Supergirl est un « road movie » dans la veine de Logan
Lors de la première de la bande-annonce de « Supergirl », Gunn a spécifiquement mentionné à l’ensemble du public que le film de Gillespie de 2017 « Moi, Tonya » (adaptant l’histoire vraie scandaleuse de la patineuse artistique Tonya Harding) l’avait impressionné. Mais « Moi, Tonya » est un film très différent de « Supergirl ». Ainsi, Gunn (qui est un vétéran du cinéma de super-héros) a pu donner quelques conseils à Gillespie. Gillespie a expliqué :
« Il y a des choses qui, dans un film ordinaire, nous savent tous comment fonctionne la Terre, ce qui se passe, à quel point les gens sont forts et ce qui va les tuer. Et il y a beaucoup d’expositions inhérentes au film de super-héros qui étaient un peu une courbe d’apprentissage. «
Cela ne veut pas dire que « Supergirl » est dans les nuages. La principale source de bande dessinée du film, « Supergirl: Woman of Tomorrow » de Tom King et Bilquis Evely, est un riff sur l’histoire occidentale classique « True Grit ». Supergirl aide une jeune fille, Ruthye Marye Knoll (Eve Ridley), à retrouver l’assassin de son père.
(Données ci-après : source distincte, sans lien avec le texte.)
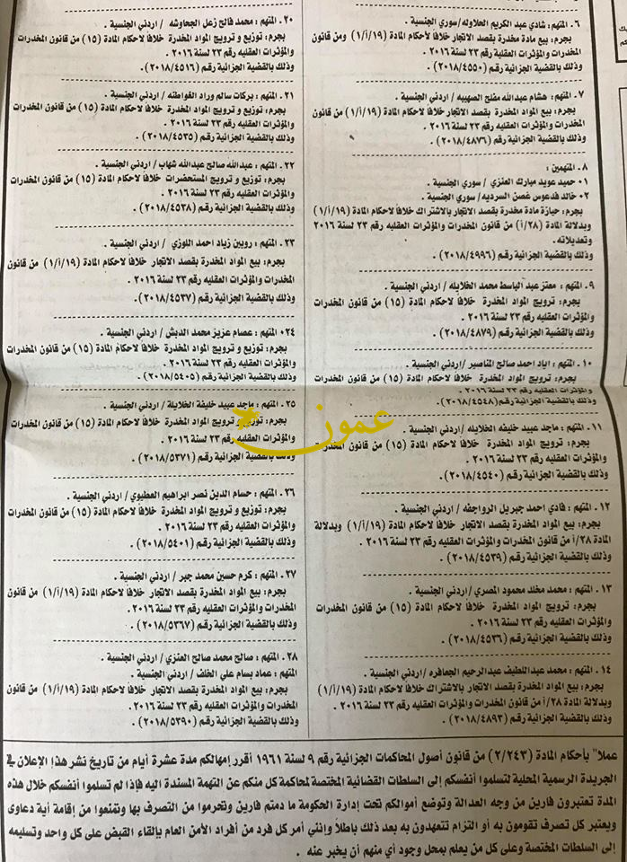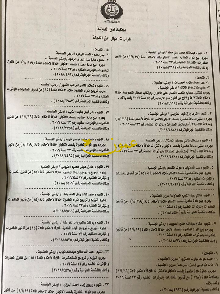 مطلوبون لمحكمة أمن الدولة (أسماء)06-05-2018 08:45 AM

J’ai demandé à Gillespie s’il gardait à l’esprit l’influence « True Grit » de la bande dessinée lors de la réalisation du film ; il l’a fait, et pensait également à « Logan » de 2017, qui lui-même est un film de super-héros inspiré des westerns classiques. Pour compléter la comparaison : dans « Supergirl », Kara Zor-El est Rooster Cogburn ou Wolverine, tandis que Ruthye est Mattie Ross ou Laura.
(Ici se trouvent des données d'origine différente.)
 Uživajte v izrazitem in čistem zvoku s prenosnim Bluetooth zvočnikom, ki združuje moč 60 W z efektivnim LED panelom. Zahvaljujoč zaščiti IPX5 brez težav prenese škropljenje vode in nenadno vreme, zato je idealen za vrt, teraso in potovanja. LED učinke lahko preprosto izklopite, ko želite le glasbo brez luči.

« (‘Supergirl’) est vraiment un road movie en quelque sorte », m’a dit Gillespie. « Et c’était génial que ce soit comme un (à deux) dans ce sens. Et continuer ce voyage, cela le rend très intime parce que ce sont vraiment eux deux qui grandissent et apprennent ensemble. »
Supergirl est volontairement un film plus sombre que Superman
« Superman » de Gunn était un film qui se délectait d’être amusant et optimiste. La bêtise des bandes dessinées « Superman » était quelque chose à accepter, pas à dépasser. Beaucoup ont adoré le film pour cela (lisez la critique élogieuse de « Superman » de /Film ici), mais la DCU ne s’en tient pas à la formule.
Lors de la première de la bande-annonce, Gillespie et Gunn ont tous deux qualifié « Supergirl » de film plus sombre que « Superman ». Ils ont décrit Kara elle-même comme une anti-héros, et la bande-annonce montre qu’elle est pas aussi bien adaptée que sa cousine. Lors de la présentation au public, Gillespie a déclaré :
« Ce que j’ai aimé dans le scénario qu’Ana (Nogueira) a écrit et ce que vous soutenez, c’est qu’elle a beaucoup de bagages et beaucoup de démons qui entrent en jeu, ce qui est très différent de la façon dont Superman est dans sa vie. »
Gunn a fait écho à cela en disant: « Tant de fois, les super-héros féminins sont si parfaits, et (celui de Supergirl) pas du tout. Elle est très imparfaite, comme les super-héros masculins ont été autorisés à l’être pendant un certain temps. Et j’étais excité à l’idée de le faire. «
Pendant que Gunn était Celui qui a choisi Alcock pour la première fois dans le rôle de Supergirl, Gillespie n’a également eu que des éloges pour son actrice principale (en plaisantant, c’est une bonne chose que le casting ait fonctionné) :
« Le fait que Milly puisse venir jouer cela, et toute la complexité de cela, et le faire d’une manière très humaine, où nous pouvons réellement avoir de l’empathie pour elle, et la danse de l’humour, et quelqu’un qui a cette ténacité, était un tel cadeau à recevoir. Je suis ravi que tout le monde voie cela parce que c’est vraiment surprenant l’espace libre dans lequel elle se trouve et le voyage qu’elle entreprend pour un film de super-héros typique, ce qui n’est pas le cas. «
« Supergirl » arrive en salles le 26 juin 2026.